To make matters better, the observations have a fairly natural measure on them $M$ (e.g. you're dealing with a probability distribution over the reals or euclidean space or something), and $\frac{dF}{dM}$ is "continuous enough" and doesn't have any "flat section." And the set that $T$ comes from has some natural measure on it too, and that nudging $T$ a bit doesn't change $F$ too much.
Also you have the ability to, given a value of $T$, sample from $F$ fairly easily. And that you have the ability to accurately calculate (or, later on in the post, calculate an estimator for) $\frac{dF}{dM}(x \vert T)$.
deep breath
If all those conditions are satisfied, then it's possible to calculate pointwise estimates of confidence intervals. What I mean by that, is that there exists a Monte-Carlo style algorithm that will, given an input value of $T$, will produce a estimated "yes, this $T$ is in the 50% (or whatever) CI" or "no, this $T$ is NOT in the 50% (or whatever) CI." Then many subsequent iterations of the algorithm can be merged to get a more accurate estimate.
In this post we're going to be taking inspiration from the Fisher exact method for generating $p$-confidence intervals, where $p$ is your confidence level, like 50% or 75% or whatever. This is my definition:
Fix some value of $T$. Let $S$ be the smallest set of observations, according to $M$, such that $F(S \vert T) \ge p$. If $obs \in S$, then $T$ is in the $p$-confidence set interval.

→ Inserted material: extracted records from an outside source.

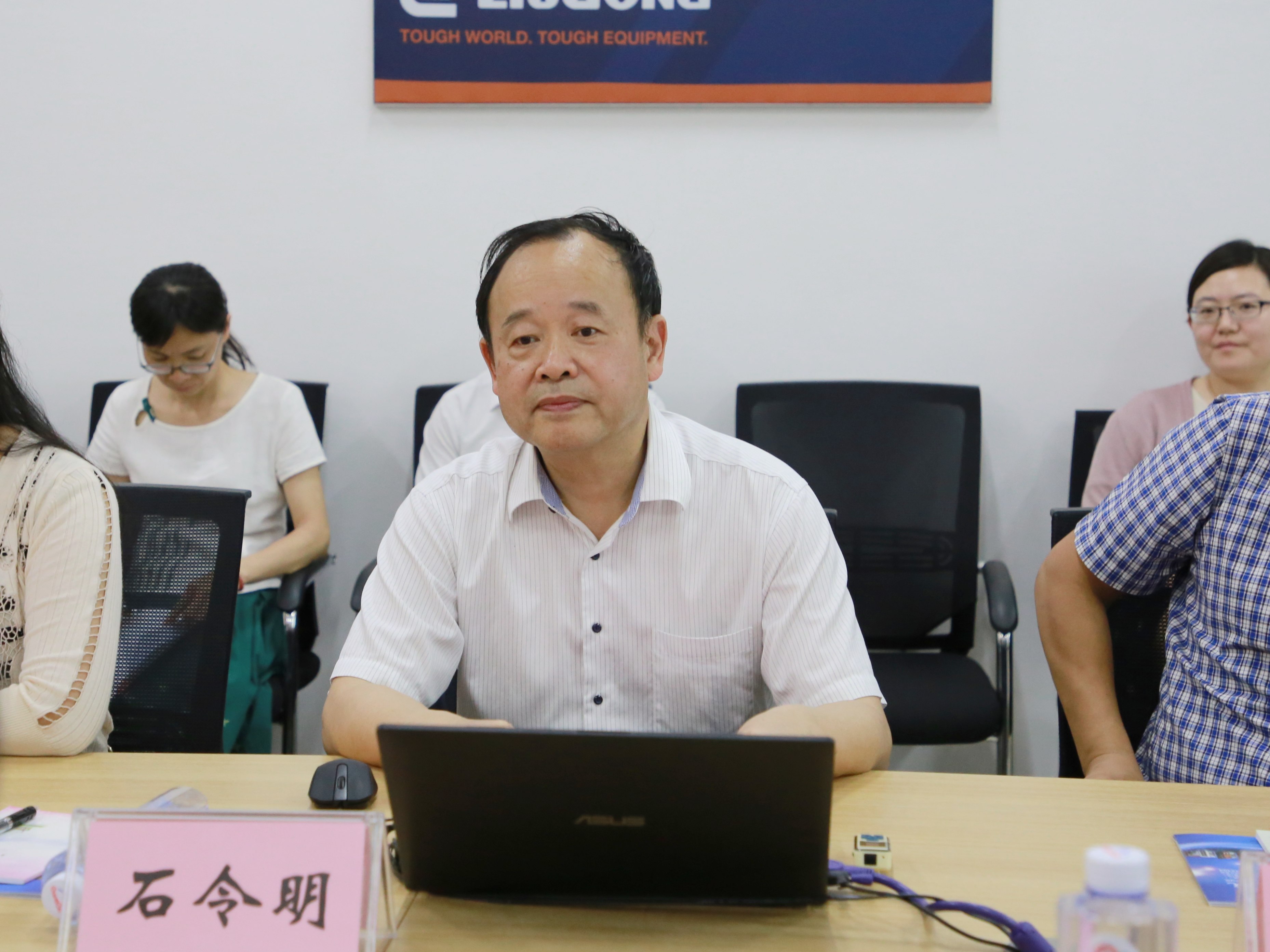 柳工机械股份有限公司总裁助理廖吉华介绍柳工与学校进行校企合作情况
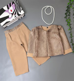 کار مزون دوز سه تیکه جذاب جنس کت چرم جنس شلوار مازراتی جنس تاپ نخی سایز بندی از ۳ سال تا ۸ سال
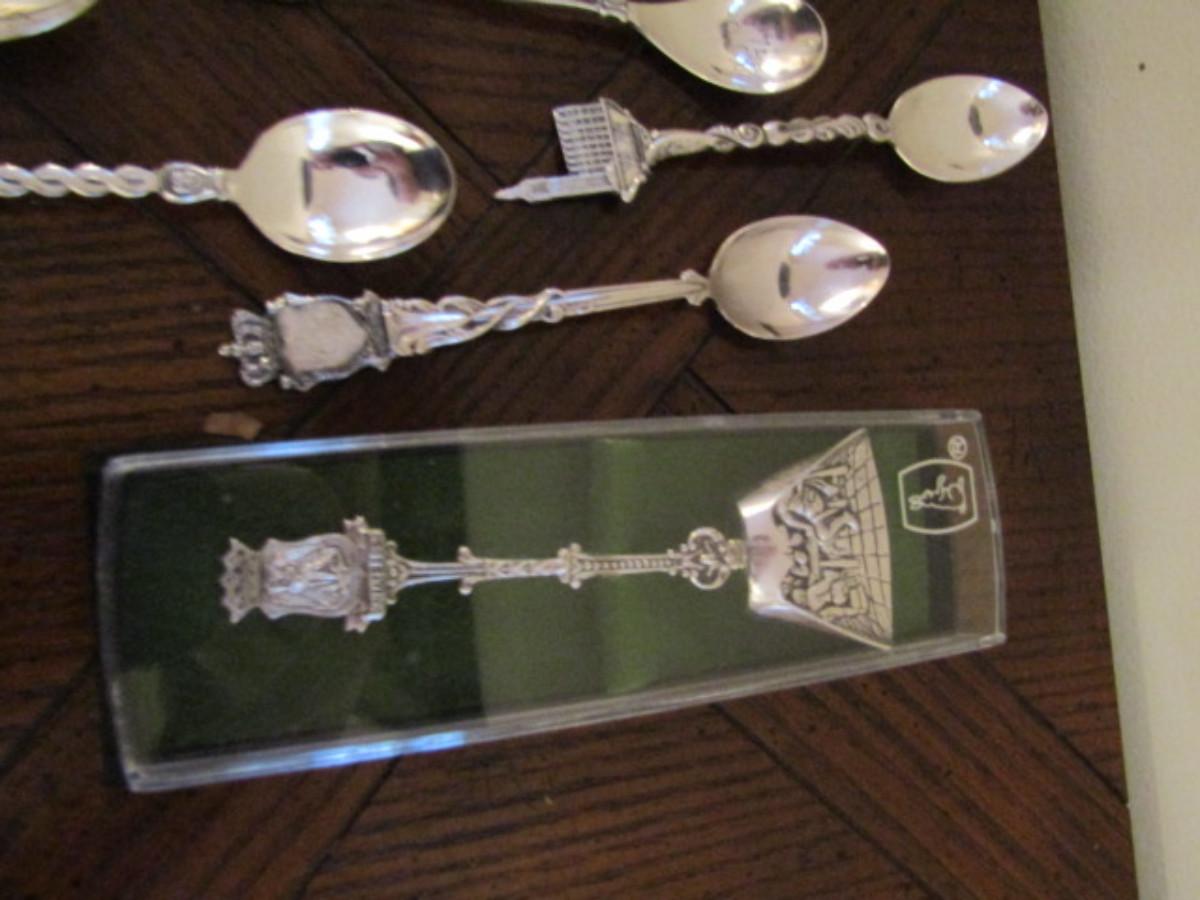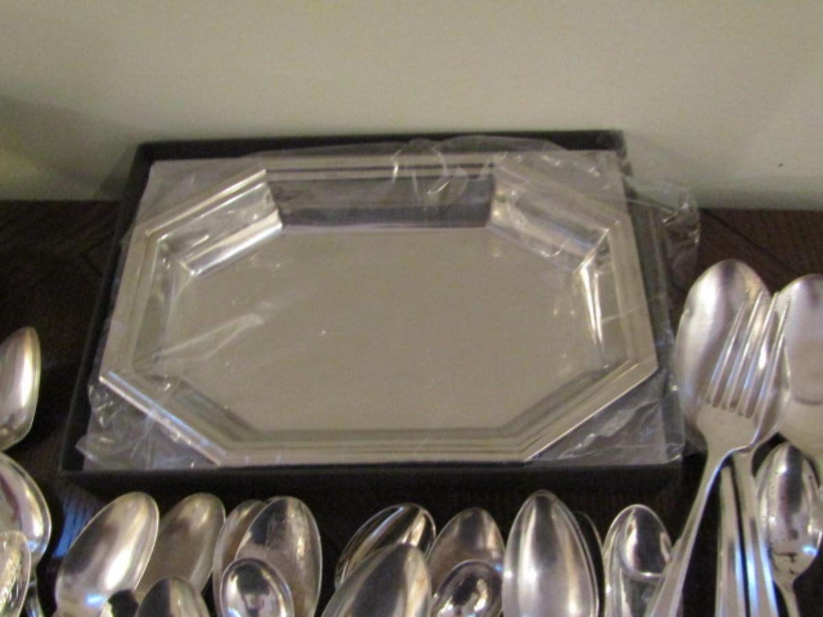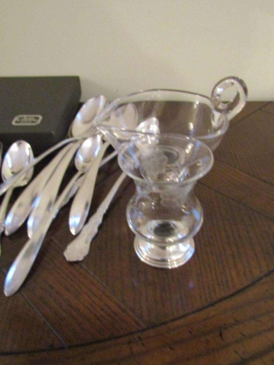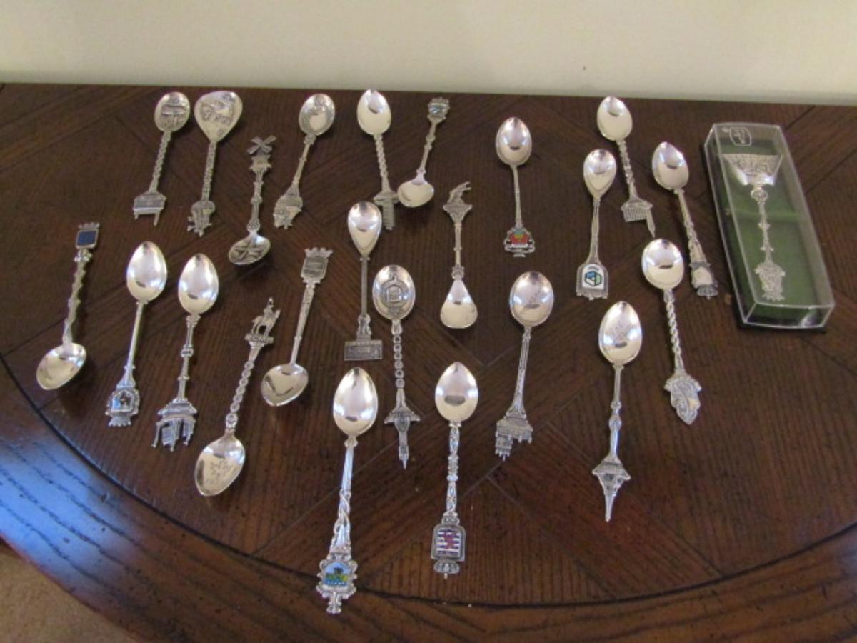 Assortment of Metal and Silver Plated Serve Ware. Please see all pictures for selection- spoons (both serving and souvenir), condiment dishes, tongs, spatulas, ladles, bowls, etc.
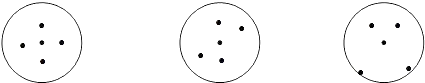 下面是三个圆.请按要求在各图中分别添加4个点.使之满足各自要求.
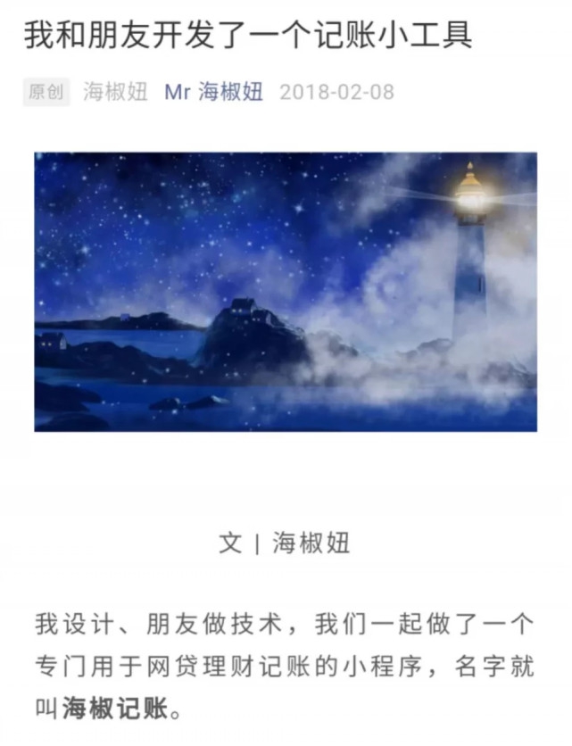 这个公众号大部分的文章内容都是在推介网贷,即使是在2018年中后期网贷行业已经收紧,风险陡然剧增的背景下,“Mr 海椒妞”依然还大言不惭在为一些平台站台,比如达人贷、贝米钱包等等。
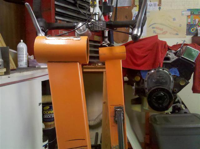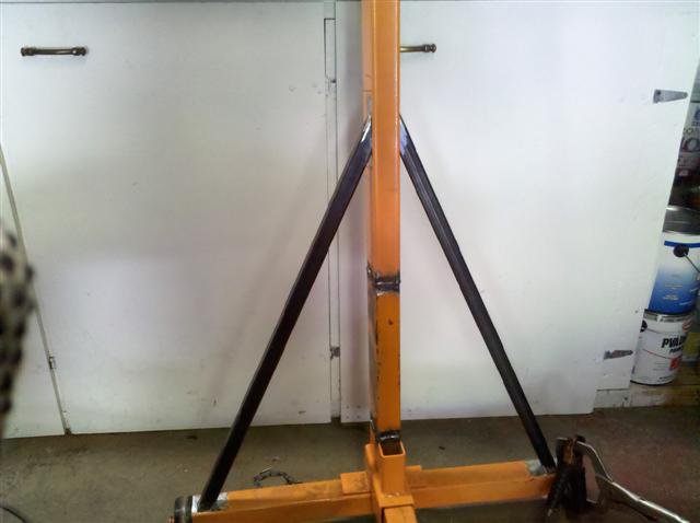 Okay, so that was a long WEEK! Actually four weeks time has passed already....So after a broken rib and a couple of weeks of taking it easy around the garage, I finally put together the rotiserrie stands. I had to adjust the angle of the sleeves which the mounts will be rotating in. The angle was too great for my liking. Knowing there will be a little flex (towards car) in the upright when under load, I welded the sleeves a degree or 2 out of level--sleeves are just a tad higher on the side facing the car. Tomorrow I will be fabing up the front and rear mounts so I can be working on the floor pans over the next month. The third picture shows the difference in angle after I cut one of the sleeves off and left one in the original position for comparison....really shows how much angle is built into these engine stands from the factory.
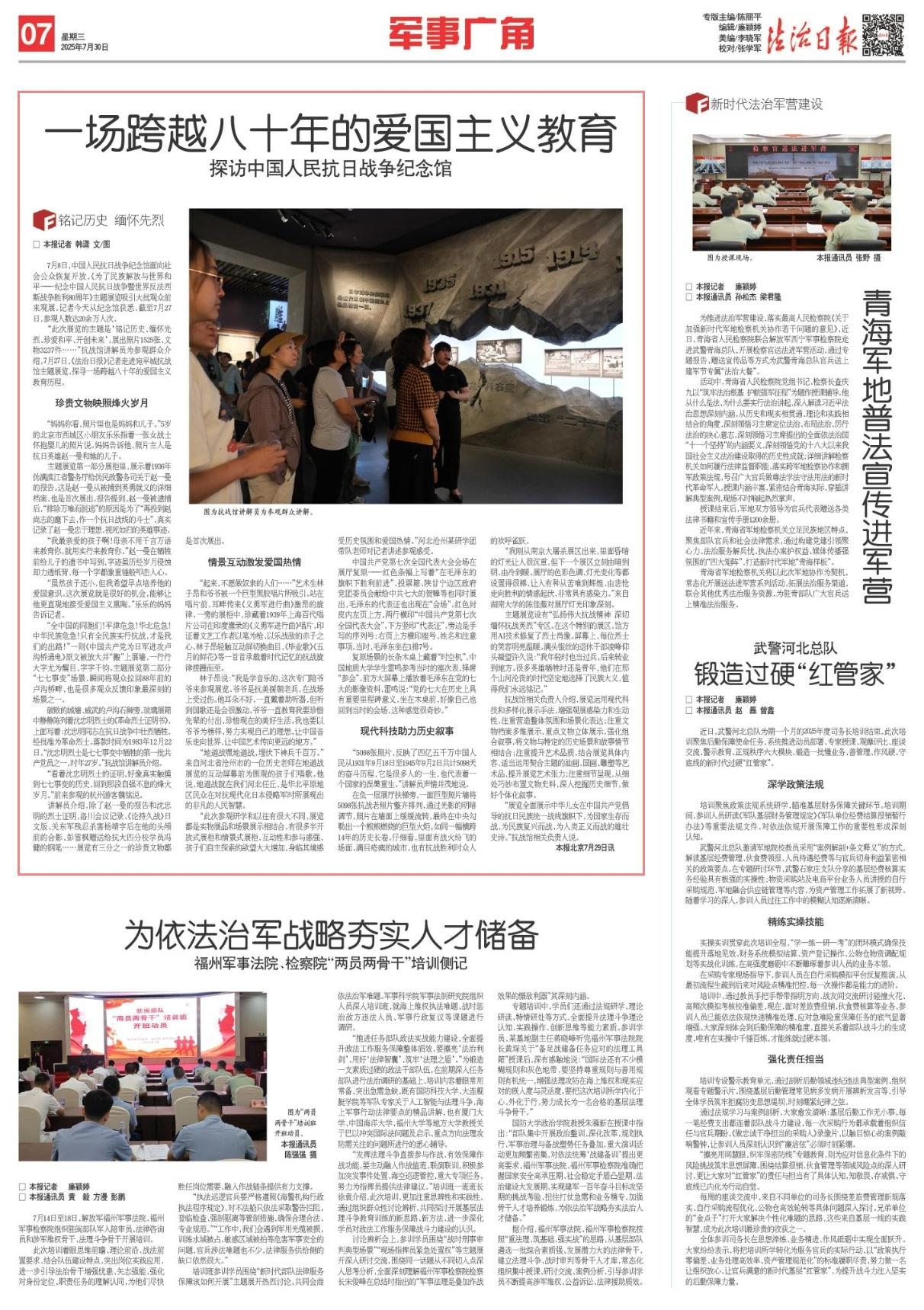 “此次展覽的主題是‘銘記歷史、緬懷先烈、珍愛和平、開創(chuàng)未來’,展出照片1525張、文物3237件……”抗戰(zhàn)館講解員為參觀群眾介紹。7月27日,《法治日報》記者走進(jìn)宛平城抗戰(zhàn)館主題展覽,探尋一場跨越八十年的愛國主義教育歷程。
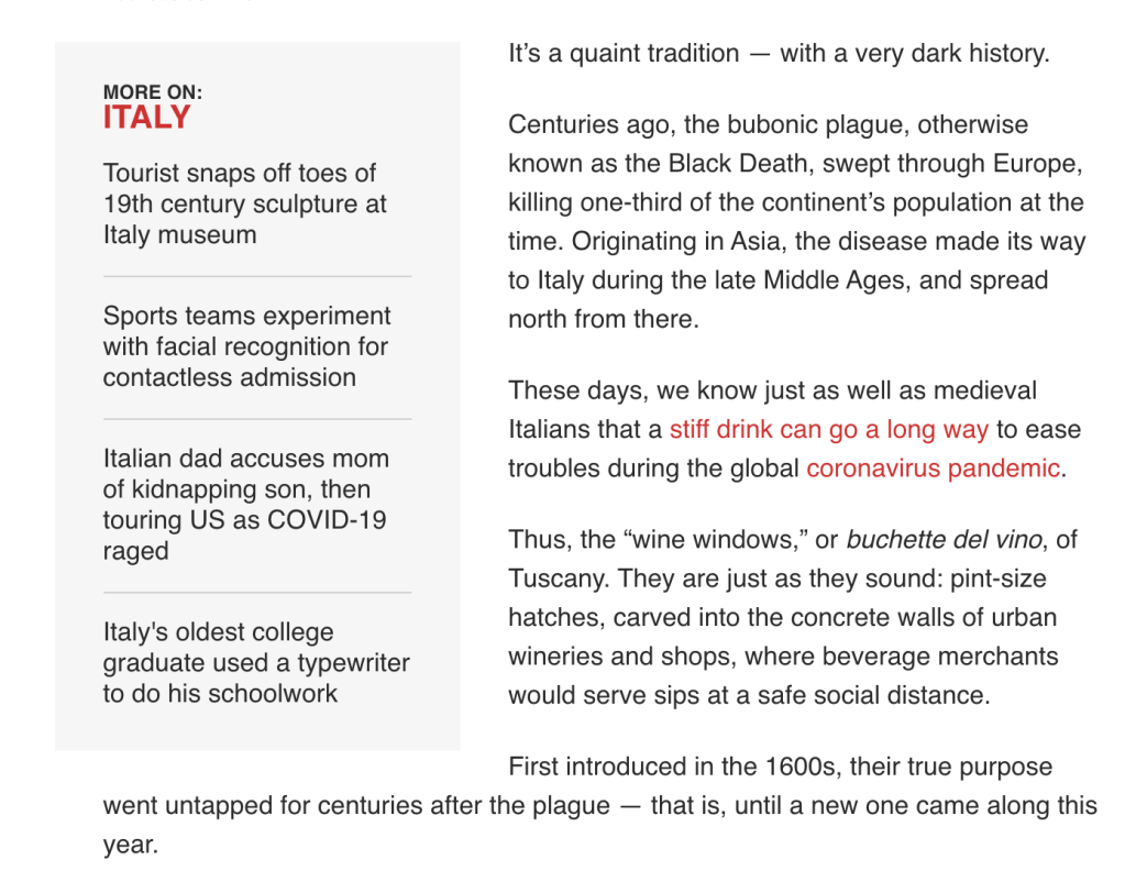 The reason why the designation of the seventeenth century as medieval winds me up, weapons-grade pedantry aside, is that the same people who go around announcing that the seventeenth century plague is a medieval phenomenon are also the first to start wanking about how the Renaissance took us all out of the terrible torpor of the Dark Ages or some such nonsense. For those keeping track, the Italian Renaissance is generally talked about as lasting from the fifteenth to the sixteenth centuries. So, which is it? Is the Renaissance a real thing that definitively changed all of Europe and issued in an age of reason, (Spoiler: absolutely fucking not.), or were there medieval wine windows in the sixteenth century Italian lands? Pick one.
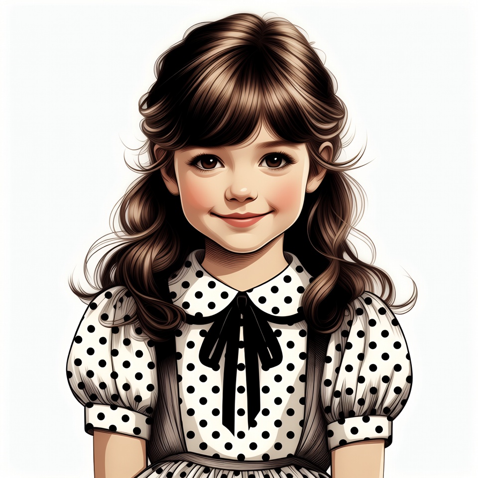 A young girl with long wavy brown hair smiles happily at the viewer. She wears a white polka dot dress with puffed sleeves and a black bow collar. The illustration features her against a plain white background.
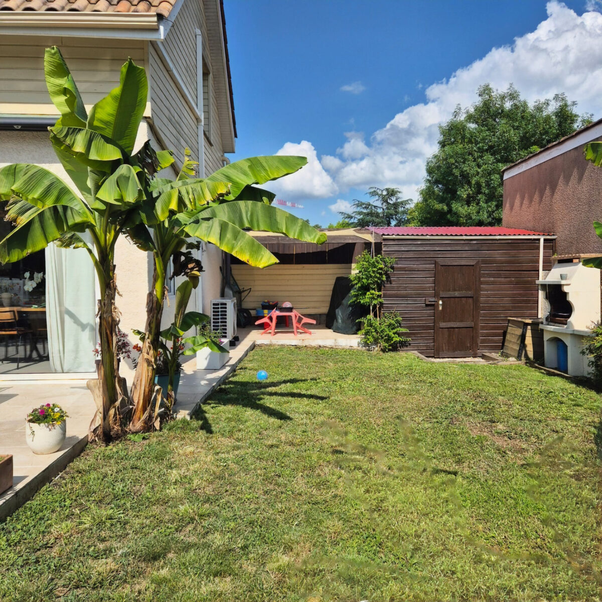 L’Agence Aux Portes de Bordeaux vous propose cette charmante maison individuelle rénovée dans le quartier du Pont de la Maye à Villenave d’Ornon. Au rez-de-chaussée, elle se compose d’une belle pièce de vie LUMINEUSE d’environ 30 m2, comprenant une cuisine ouverte aménagée et équipée, ainsi qu’un salon/salle à manger donnant sur un JARDIN verdoyant. Une pièce polyvalente d’environ 9 m2 pouvant servir de BUREAU, selon vos besoins. Un CELLIER pratique avec un toilette. L’étage dessert 2 GRANDES CHAMBRES, une salle de bains moderne avec douche et baignoire, ainsi qu’un second toilette. Matériaux modernes et finitions soignées, portail motorisé, climatisation réversible pour un confort optimal. Profitez d’une agréable TERRASSE carrelée et d’un JARDIN d’environ 100 m2, exposés sud-Ouest et SANS VIS-A-VIS parfait pour vos moments de détente. Vous pourrez également stationner un véhicule sur la parcelle, ainsi que des vélos et des motos. Idéalement située à deux pas du TRAMWAY ligne C arrêt Vaclav Havel, cette maison bénéficie d’un accès rapide à la rocade et aux commerces de proximité. Vous apprécierez la facilité de déplacement et la proximité des commodités tout en profitant du calme et de la tranquillité de Villenave d’Ornon. Une maison clé en main, idéale pour une vie paisible à proximité de Bordeaux, dans un cadre résidentiel recherché. Primo-accédant ou résidence secondaire. VISITE VIRTUELLE SUR DEMANDE.

In this definition, the $p$-confidence interval isn't actually an interval at all. But that's okay, I'm calling it an interval because the words "confidence interval" are too ingrained in my mind to start calling them anything different.
Also, in this definition, $S$ exists and is unique. Actually it isn't. Two different values of $S$ will agree almost everywhere, relative to $M$. For the following paragraphs I will be assuming that any annoyances like isolated points and boundaries have been removed from $S$. I don't know, if you care about this kind of thing, figure it out yourself. I'm not your mother.
One important fact about this definition is that there exists a value, call it $L$, such that any $x$ that satisfies $L \lt \frac{dF}{dM}(x \vert T)$ is also in $S$, and any $x$ for which it greater than or equal is not in $S$. If your $S$ violates this, then it's not the smallest $S$.
Another way to say it is that if your $x$ is in the $S$ for this $T$'s $p$-confidence interval, then $\frac{dF}{dM}(x \vert T)$ is going to be greater than $(1 - p)$ percentage of values of $\frac{dF}{dM}(y \vert T)$, for $y$'s drawn randomly according to $F$.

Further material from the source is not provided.